The next day, the Kid tells Rachel he’s figured it out. She and Harvey were having an affair so Harvey decided to kill Jake, but first he shot everyone else who had been at the poker game in order to disguise his true motive. Jake figured this out in time and shot Harvey. Rachel is understandably appalled, devastated, disgusted and dismayed by this outrageous accusation. She confronts her husband, who admits he believed the rumours of the affair, but only once Harvey started killing people. Rachel says she can’t forgive him for believing she “would actually have something to do with an insane man who was killing people.” I think Rachel is missing the point here. Jake believed that she went along with Harvey’s plan to kill HIM. I really don’t see how there’s any coming back from that. It’s a lot worse than going out for a shag while your friend is on his death-bed.
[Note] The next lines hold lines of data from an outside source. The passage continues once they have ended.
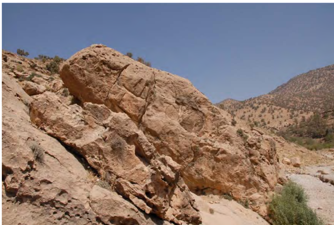
تصویر ۴: موقعیت نقش برجسته آشوری میشخاص بر روی صخره واقع در حاشیه رودخانه میشخاص
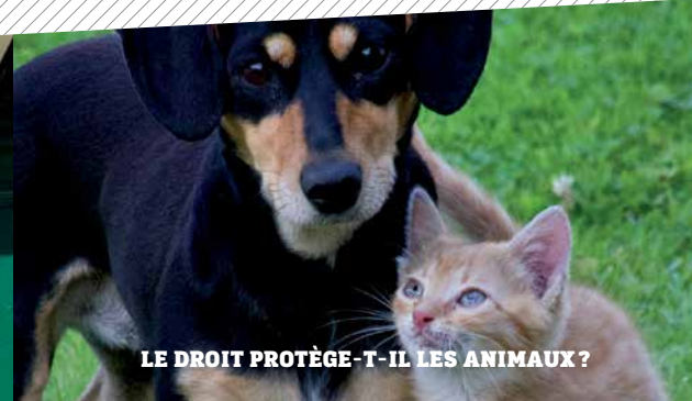
LE DROIT PROTÈGE-T-IL LES ANIMAUX ?
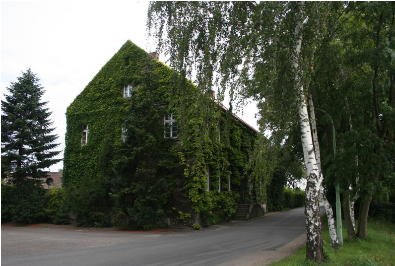
Gut Schönrath (2014)
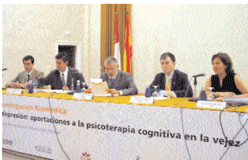
En la imagen, un momento de la inauguración de la escuela de verano en Cuenca

En esta ocasión la II Escuela de Verano sobre Investigación Biomédica se ha centrado sobre uno de los problemas de salud que más afecta a los mayores como es la depresión y las intervenciones que se pueden realizar para mejorar su sintomatología y retrasar el declive cognitivo que se supone afecta principalmente en estas edades. Revisar conocimientos y actualizar formas de intervención que contribuyan a mejorar la calidad de vida de las personas que padecen este tipo de patologías, que se estima afectan a más del 30 por ciento de los mayores de 65 años, han sido algunos de los objetivos de esta II Escuela de Verano, en la que participaron ponentes de reconocido prestigio en el campo de la salud mental. ○
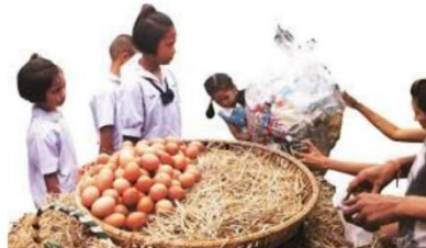
ขยะแลกไข่, สิ่งของ
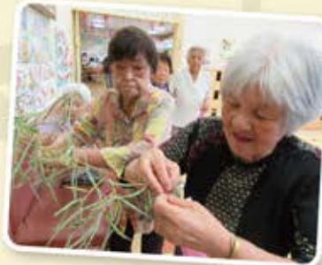
みなさんのお願い事は 何ですか??
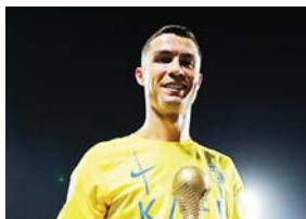
La llegada de Cristiano a Arabia desató una lluvia de estrellas a esa liga.

Varios clubes sauditas han logrado hacerse en las últimas semanas con grandes estrellas del fútbol mundial, del francés Karim Benzema a los brasileños Fabinho o Roberto Firmino, pasando por el senegalés Sadio Mané. El precedente claro está en seis meses antes: el fichaje del portugués Cristiano Ronaldo por el Al Nassr, el pasado enero.
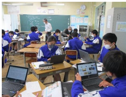
【社会科の資料検索での活用】
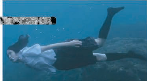
STILL THE WATER NAOMI KAWASE
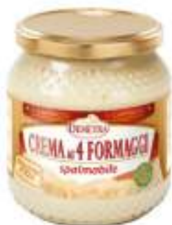
CREMA 4 FORMAGGI VASO 500G
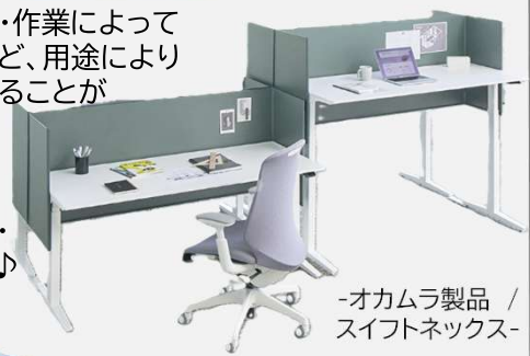
-オカムラ製品 / スイフトネックス-

体格に合わせる・作業によって姿勢を変えるなど、用途により机の高さを変えることができる「昇降式デスク」です。姿勢を変えることで作業効率・集中力もアップ♪
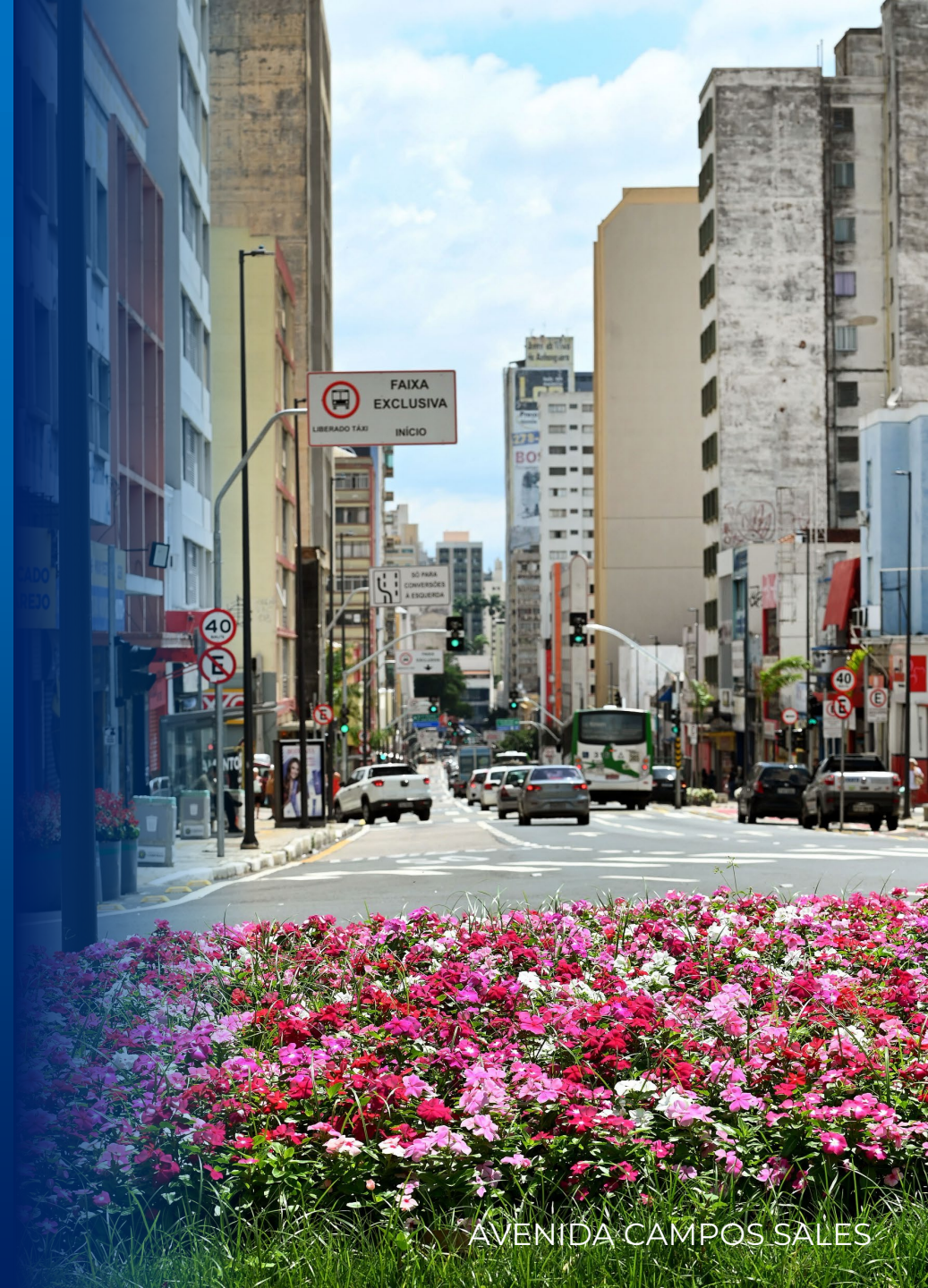
AVENIDA CAMPOS SALES
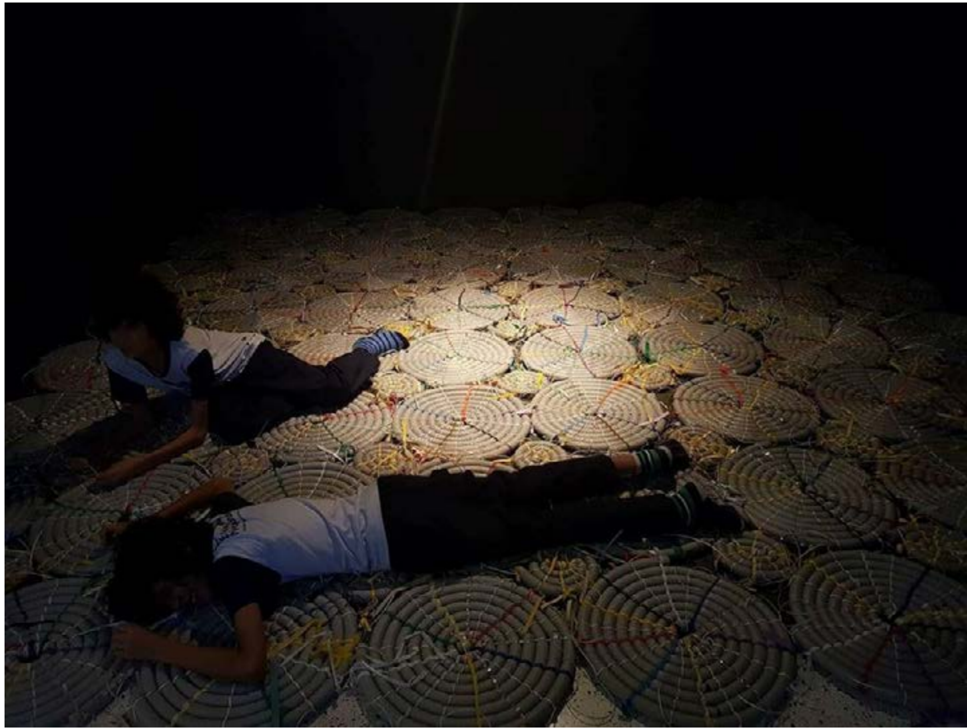
Fig. 4: Cem passos, sem sapatos, 2017.
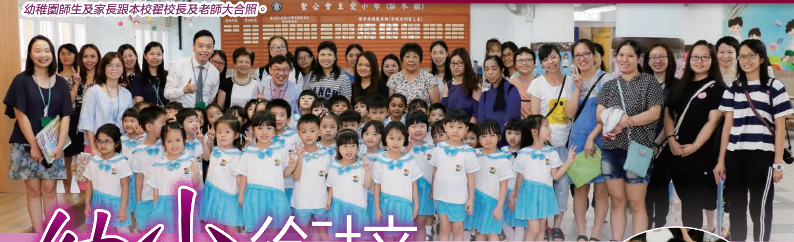
聖公會主愛小學 (梨木樹)

Meanwhile the sheriff has also figured out what’s going on and arrives to arrest Jake, who flees. Rachel sends the sheriff and his deputy off the wrong way after they’ve made it very clear that Jake is going to hang for murder, assuming he doesn’t get shot during the arrest. Rachel then blackmails the Kid into going off to retrieve Jake by threatening to reveal his true identity, which Heyes blabbed while his mind was wandering. The Kid duly sets off, and hey, it’s just struck me that this is the story Liar Lady told Heyes about HER supposed husband in Return to Devil’s Hole. Except she actually went with Heyes, and really, it would make a lot more sense for Rachel to go with the Kid. In fact, she doesn’t even need the Kid. She could just have gone off after Jake herself. We’ve already seen she can ride. Some of the Men Who Suck were clearly on the writing team.

Oh well. The Kid does a good job of retrieving Jake and says he’ll testify that he shot Harvey in self-defence (I also swore I wouldn’t complain about the show’s weird understanding of the law, so let’s just assume it does count as self-defence if you deliberately go out and shoot someone instead of telling the sheriff he’s after you). The Carlsons’ marriage is now going to be fine, Rachel will just have to swallow her pride and accept that standing by your man means sometimes having to put up with him accusing you of wanting him murdered.

Heyes is still too wobbly to ride far, but the doctor has said stagecoaches are okay, so he rather unsteadily mounts his horse to ride to the coach stop. Rachel promises she won’t ever tell anyone who they really are and Heyes demands to know how she found out, with a look that suggests he blames the Kid. The Kid responds, “Long story, but you’ve got a big mouth when you’ve got a bullet in your head.” It’s a great line, albeit with hindsight an uncomfortably ironic one. And Heyes’s abashed expression is also very funny. I assume there was a prior moment off-screen in which he said a more gracious thank you to Rachel Carlson for all the TLC she provided, otherwise I will have to add Heyes to the list of Men Who Suck.

Date: 2025-10-04 10:44 pm (UTC)
rach_74: (Default)
From: [personal profile] rach_74
I love how Kid's smugness rapidly drains away when he's told Harvey's dead.